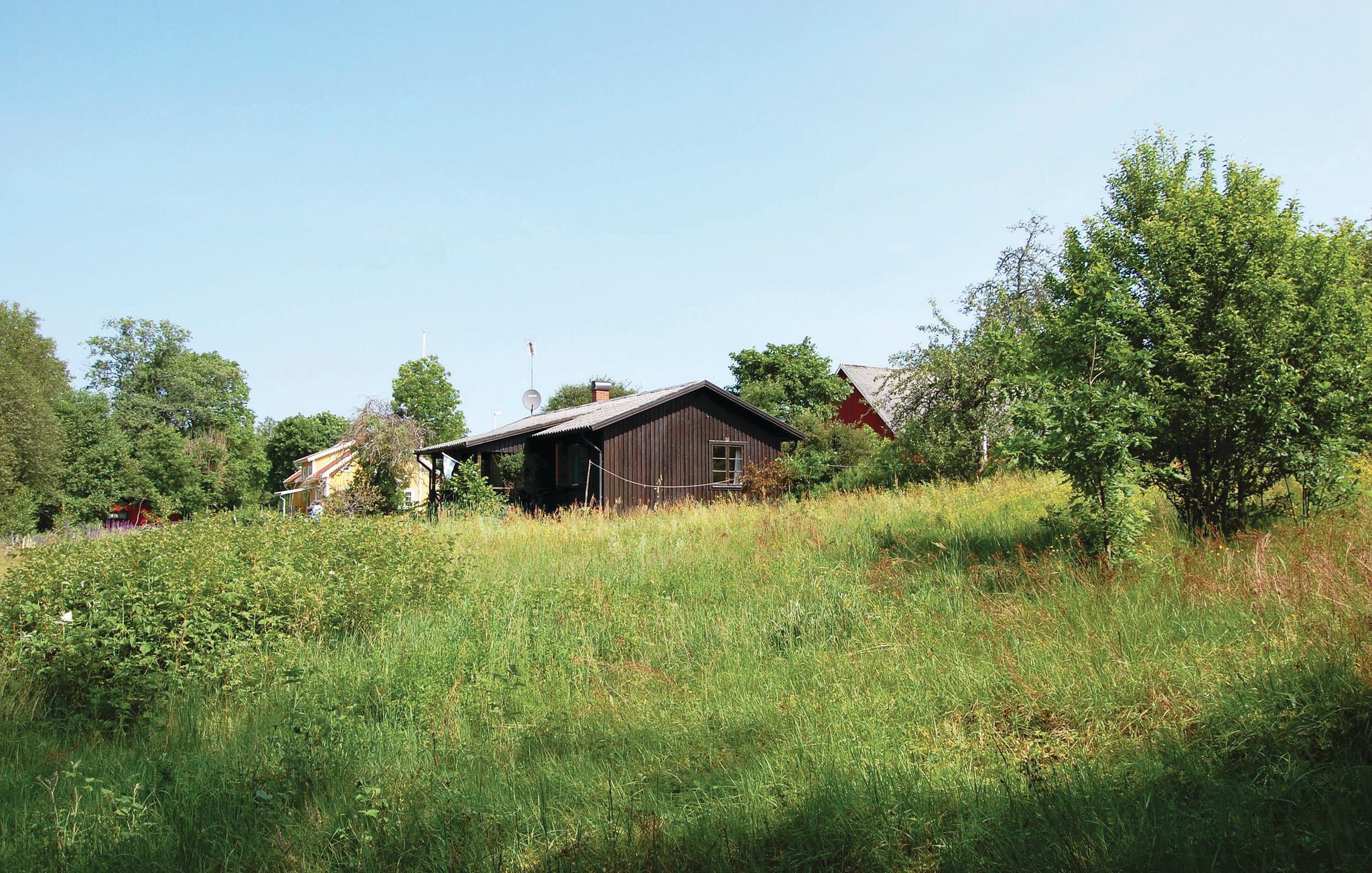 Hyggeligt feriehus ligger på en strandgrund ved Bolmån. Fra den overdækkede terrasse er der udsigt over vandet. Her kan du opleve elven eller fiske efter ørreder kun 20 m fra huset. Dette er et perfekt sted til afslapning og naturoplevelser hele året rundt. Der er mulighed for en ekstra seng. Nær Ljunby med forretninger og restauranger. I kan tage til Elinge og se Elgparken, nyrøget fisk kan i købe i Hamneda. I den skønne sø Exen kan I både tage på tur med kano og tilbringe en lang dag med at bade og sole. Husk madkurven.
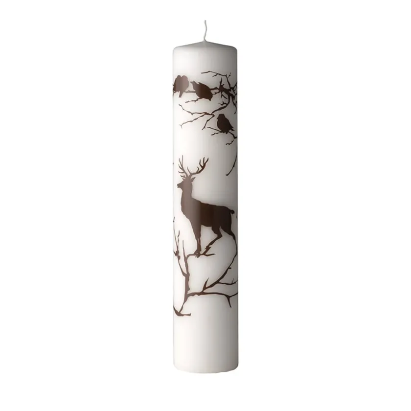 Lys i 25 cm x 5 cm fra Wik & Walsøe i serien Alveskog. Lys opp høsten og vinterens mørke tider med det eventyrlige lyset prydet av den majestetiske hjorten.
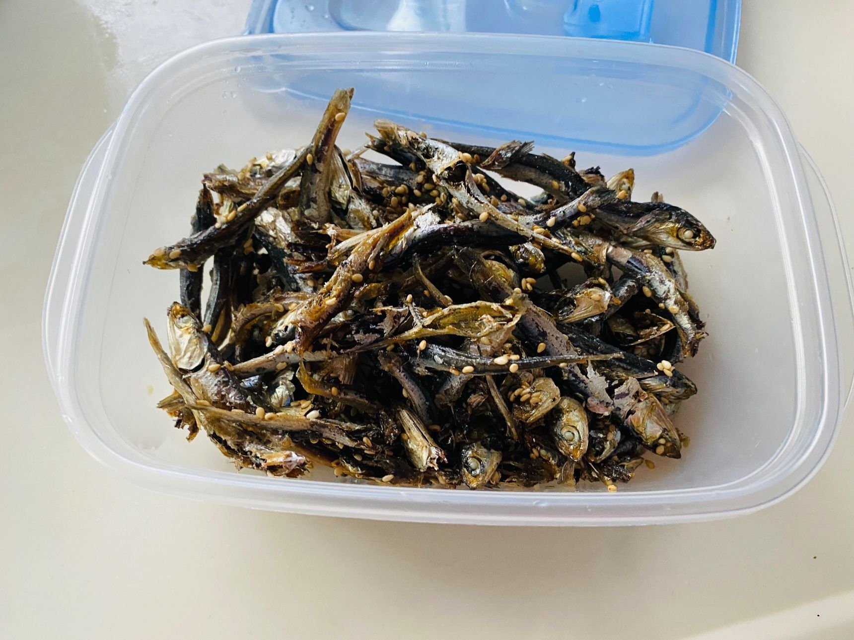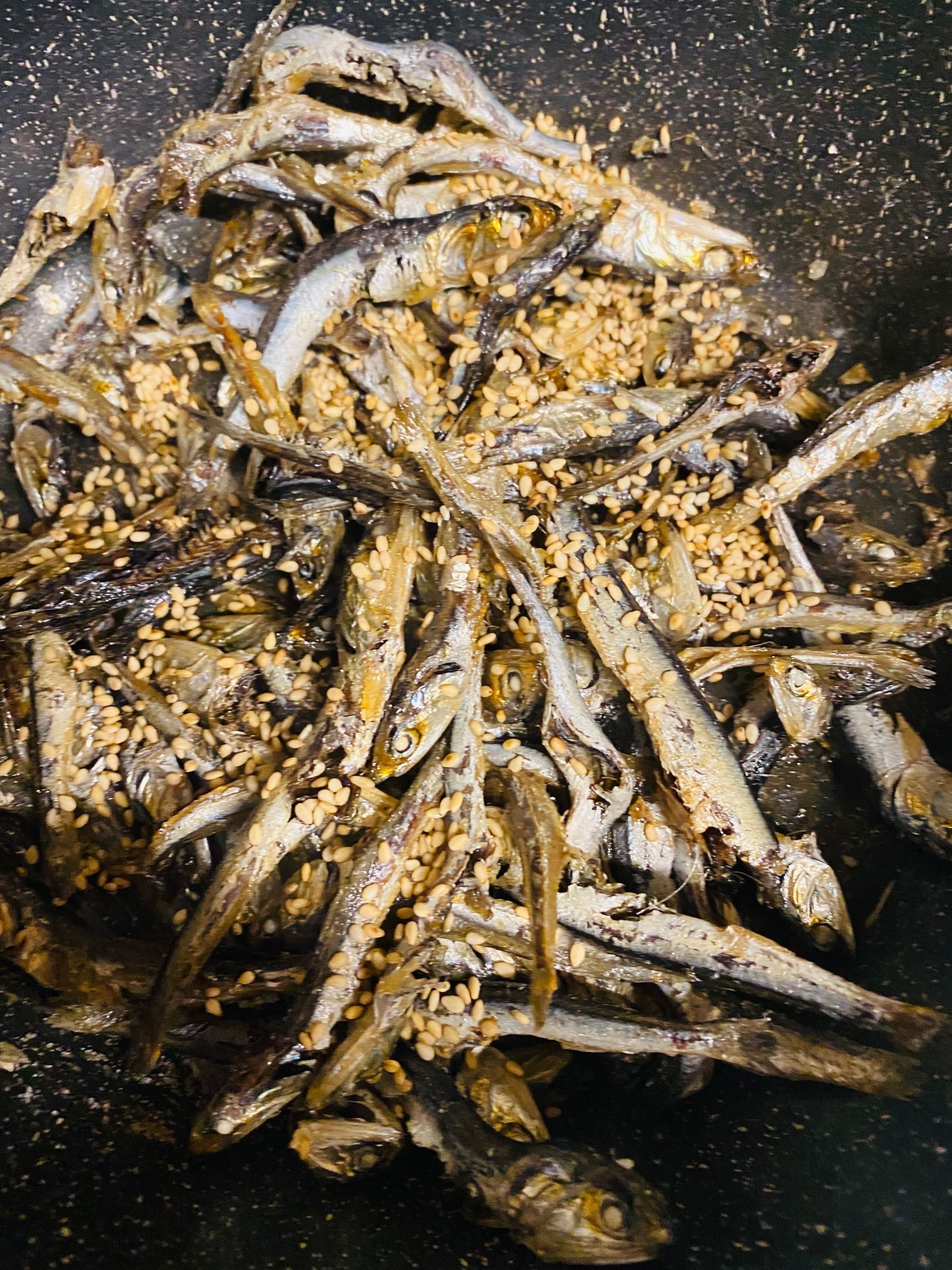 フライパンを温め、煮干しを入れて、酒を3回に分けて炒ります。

──────────────────────────────

◆ **INSTRUCTIONS TO FOLLOW**
Repeat every line of the data above exactly, but drop the pictures.

◆ **EXERCISE RESPONSE**
 Hyggeligt feriehus ligger på en strandgrund ved Bolmån. Fra den overdækkede terrasse er der udsigt over vandet. Her kan du opleve elven eller fiske efter ørreder kun 20 m fra huset. Dette er et perfekt sted til afslapning og naturoplevelser hele året rundt. Der er mulighed for en ekstra seng. Nær Ljunby med forretninger og restauranger. I kan tage til Elinge og se Elgparken, nyrøget fisk kan i købe i Hamneda. I den skønne sø Exen kan I både tage på tur med kano og tilbringe en lang dag med at bade og sole. Husk madkurven.
 Lys i 25 cm x 5 cm fra Wik & Walsøe i serien Alveskog. Lys opp høsten og vinterens mørke tider med det eventyrlige lyset prydet av den majestetiske hjorten.
 フライパンを温め、煮干しを入れて、酒を3回に分けて炒ります。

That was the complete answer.